Aiden Alp
Aiden Alp is a cyber security and AI governance professional with over 25 years of experience spanning healthcare, manufacturing, finance, higher education, and the public sector. He holds an MBA (Executive) from the Australian Graduate School of Management (AGSM) at UNSW, a Master of Information Security from Royal Holloway, University of London, and a Bachelor of Computer Engineering (Software). He is a Certified Information Systems Security Professional (CISSP), an ISO 27001 Lead Auditor, an ISO 42001 Lead Implementer for AI management systems, a PECB Certified AI Professional, and a Lead SOC 2 Analyst.
For seven years, Aiden served as Cyber Security Manager for NSW Health at the Sydney Local Health District, one of Australia’s largest public health organisations. He designed and maintained the security architecture protecting more than 14,000 staff and over seven million patient records, working across the SOCI Act, DISP, Essential Eight, NIST, and ISO 27001. A significant part of that role involved evaluating and governing AI-enabled clinical technologies — assessing how machine learning models were being embedded into patient care systems, what risks they introduced around data quality and decision accountability, and how to build management systems that kept pace with rapid adoption.
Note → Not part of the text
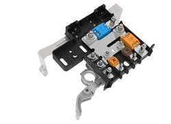 Pour le système hybride des Fiat Panda, Fiat 500 et Lancia Ypsilon Mild Hybrid, MTA a développé un nœud de dérivation 3 voies spécifique, doté d’un couvercle. Le nœud est vissé sous le plancher de la voiturSTLS e, à l’extérieur du véhicule et, grâce aux joints en silicone, son étanchéité est assurée, conformément à l’indice de protection IP69K. Relié par une broche filetée directement à la batterie auxiliaire qui se trouve à l’intérieur de l’habitacle il alimente le moteur électrique et le système de charge via 2 câbles de sortie.

He chaired board-level security committees and led incident response planning to ISO 27035 and NIST standards. During the same period, he served as Advisor and Cyber Security Program Board Member for the Parliament of New South Wales, advising on public-sector cyber and AI risk strategy across multiple jurisdictions.
Before joining the health sector, Aiden spent four years at Sasol Polymers, a $2 billion global polymer manufacturer, where he managed manufacturing execution systems (MES), ERP integrations, and OT/SCADA security across Emerson DeltaV and Yokogawa platforms. He led the organisation’s operational response to the Stuxnet incident — an experience that influenced his understanding of what happens when automated systems operating inside safety-critical environments are compromised, and one that directly informs his current thinking about how autonomous AI agents need to be governed with the same rigour we apply to industrial control systems.
Aiden’s research sits at the intersection of AI security and explainability, along with regulatory compliance. His master’s thesis at Royal Holloway examined privacy, transparency, and anonymity models in Australian public-sector data sharing. He is now developing a research programme focused on audit-grade explainability for agentic AI in regulated industries. His approach draws on ISO 42001, ISO 27001, SOC 2, NIST AI RMF, and ACSC ISM to map regulatory expectations onto measurable AI lifecycle checkpoints.
Aiden is a Partner of the Australian Cyber Security Centre and a member of ISACA. In February 2024, he was a panellist at CISO Sydney, presenting on evaluating AI for defender advantage and governing its use within enterprise security. His current professional focus brings together 21 CFR Part 11 compliance, computerised system validation under GAMP 5, together with the broader question of how cyber security governance frameworks need to evolve as AI agents become embedded in the regulated systems that manage our electronic records, quality processes, and patient safety controls.